I’ve posted quite a few updates on this site about my journey to lose weight. From a top weight of 241 lbs, I’ve now officially lost 71 lbs and I’ve got 25 lbs left to go to reach my goal. From the incredible support to the pats on the back and the incredulous looks on people’s faces (some of which are HILARIOUS, I have to say,) I thought I would check in and talk about what it really feels like to drop that kind of weight. Not from what you can outside, but from what I can see on the inside. Learn more about this below.
First, let me point out that there are no “bad sides” to anything I’m about to say. Just more of an observation of what’s going on back here in my brain. Let me also point out that if you have no issues with your weight, this isn’t meant as an advertisement for weight loss. It’s just me checking in with what’s happening with me. You and the relationship you have with your body is yours alone.
The first thing I’ve noticed is that the clothes I used to wear don’t fit anymore, but I keep wearing them. Want to know why? Because very few of us drop the pounds and can afford to buy a whole new wardrobe of clothes. Hence, you sometimes show up to events in clothes that don’t look like they fit. Because, you know, they don’t. The other part of it is that I don’t necessarily want to get rid of them just yet. These clothes were my safety blankets. They served me well and it’s hard to say goodbye to old friends.
The second thing I’ve noticed is a suspicious amount of clothes that I must have purchased in a drunken haze. I have a LOT of items that might have fit, but never flattered me in any way. These are easier to part with, but have left me with a morning-after-like hangover of, “Oh wow, what was I thinking? And, you know, how can I never repeat this mistake again?”
The third thing is that I’ve become the person that used to annoy me. You know the people you want to punch because they’re so damned perky in the morning? I have become one of those people. I wake up without an alarm clock at 6:30 am every day and head off to my work out with a level of energy where I annoy myself sometimes. It happens, people. Watch out. My inner cheerleader is out.

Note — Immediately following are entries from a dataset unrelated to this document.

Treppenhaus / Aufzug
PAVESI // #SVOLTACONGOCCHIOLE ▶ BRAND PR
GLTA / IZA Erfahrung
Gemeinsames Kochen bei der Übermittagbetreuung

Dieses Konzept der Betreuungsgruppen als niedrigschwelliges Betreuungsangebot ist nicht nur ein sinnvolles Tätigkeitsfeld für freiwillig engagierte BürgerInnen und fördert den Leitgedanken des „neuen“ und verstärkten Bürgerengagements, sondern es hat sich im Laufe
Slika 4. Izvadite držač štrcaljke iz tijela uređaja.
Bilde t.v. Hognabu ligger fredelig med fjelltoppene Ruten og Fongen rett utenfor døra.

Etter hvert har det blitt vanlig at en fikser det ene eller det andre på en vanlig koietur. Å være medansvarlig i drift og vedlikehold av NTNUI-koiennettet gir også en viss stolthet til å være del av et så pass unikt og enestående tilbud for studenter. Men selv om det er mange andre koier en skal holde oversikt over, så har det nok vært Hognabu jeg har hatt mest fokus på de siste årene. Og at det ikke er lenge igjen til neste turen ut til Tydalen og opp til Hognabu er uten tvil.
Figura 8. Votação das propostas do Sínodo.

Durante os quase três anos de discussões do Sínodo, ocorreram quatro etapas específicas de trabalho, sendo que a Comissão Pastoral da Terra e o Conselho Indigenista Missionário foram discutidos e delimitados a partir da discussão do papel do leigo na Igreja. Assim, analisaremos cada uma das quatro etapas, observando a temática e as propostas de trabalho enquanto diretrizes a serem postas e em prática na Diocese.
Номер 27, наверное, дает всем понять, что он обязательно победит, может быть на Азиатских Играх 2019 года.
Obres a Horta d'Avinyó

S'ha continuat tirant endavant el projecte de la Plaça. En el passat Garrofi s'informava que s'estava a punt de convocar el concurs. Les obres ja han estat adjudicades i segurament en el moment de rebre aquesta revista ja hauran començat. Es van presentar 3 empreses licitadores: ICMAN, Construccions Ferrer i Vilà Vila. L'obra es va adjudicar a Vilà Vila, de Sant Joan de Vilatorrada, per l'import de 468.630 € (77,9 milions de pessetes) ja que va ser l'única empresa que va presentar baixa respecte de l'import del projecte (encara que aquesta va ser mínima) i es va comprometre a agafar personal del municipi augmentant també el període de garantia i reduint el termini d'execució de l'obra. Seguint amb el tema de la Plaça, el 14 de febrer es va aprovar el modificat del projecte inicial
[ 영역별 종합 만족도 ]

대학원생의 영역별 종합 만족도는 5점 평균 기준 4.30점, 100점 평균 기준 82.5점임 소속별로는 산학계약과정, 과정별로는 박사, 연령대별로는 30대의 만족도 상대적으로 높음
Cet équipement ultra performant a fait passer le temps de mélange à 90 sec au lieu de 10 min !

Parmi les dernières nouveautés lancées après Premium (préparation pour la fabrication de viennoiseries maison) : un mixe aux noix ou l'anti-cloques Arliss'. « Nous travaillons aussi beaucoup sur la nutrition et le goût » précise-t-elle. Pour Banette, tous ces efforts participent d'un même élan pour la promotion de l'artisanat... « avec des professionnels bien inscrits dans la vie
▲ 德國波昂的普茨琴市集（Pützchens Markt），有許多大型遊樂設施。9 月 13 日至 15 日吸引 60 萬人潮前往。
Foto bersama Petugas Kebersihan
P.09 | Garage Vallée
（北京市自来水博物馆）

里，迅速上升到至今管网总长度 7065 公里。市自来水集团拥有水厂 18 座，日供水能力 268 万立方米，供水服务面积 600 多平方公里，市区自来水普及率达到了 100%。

The fourth thing is that I feel very conflicted emotions. On one hand, I feel amazing and am SO CLOSE to reaching my target BMI and body weight that it makes me happy. I like very accomplished in that regard. The other side of that is many of the reasons I gained the weight still haunt me from time to time. I still battle with emotional eating and sometimes I wish I were, shall we say, less visible. Like anyone warrior used to fighting, when the battle is ending and the armor comes off, you feel somewhat naked without it. I’ll adjust.
The fifth thing? There is no such “Biggest Loser” moment where you walk into a store and EVERYTHING fits. That is such a lie. Sizing is still different from brand to brand, and there are still some stores in which I can’t shop. I’m still too curvy to really shop online without trying things on in the store. I’m choosing to focus on the brands who make clothes to fit me. After all, it’s my money. No one can buy your self-esteem unless you list it for sale. Remember that.
Finally, I would say that my world seems different. I’m pretty excited for spring this year. I’m aiming to wear a BATHING SUIT, SHORTS and SHORTER SKIRTS, people. These are things I wouldn’t have dreamed of. I haven’t worn a two-piece (or, let me rephrase that – SHOULDN’T HAVE) since 2003. Back-to-back workouts don’t bother me now. I just feel GOOD. I wouldn’t trade that feeling for anything.
The thing is, I realize I’ve come a long way, but I realize that I have a long way to go. Because it’s not really about the last 25 lbs anymore. It’s about the inside catching up with the outside, about celebrating the YEAR of hard work I’ve put in and getting rid of some old baggage.
Besides, the old baggage doesn’t go with the new look. If I’m going to keep investing in this new body, I’ve got to invest in a new state of mind.
After all, I want EVERYTHING in the new look to coordinate. 😉
Has anyone else out there gone through something similar? Let’s dish, dolls.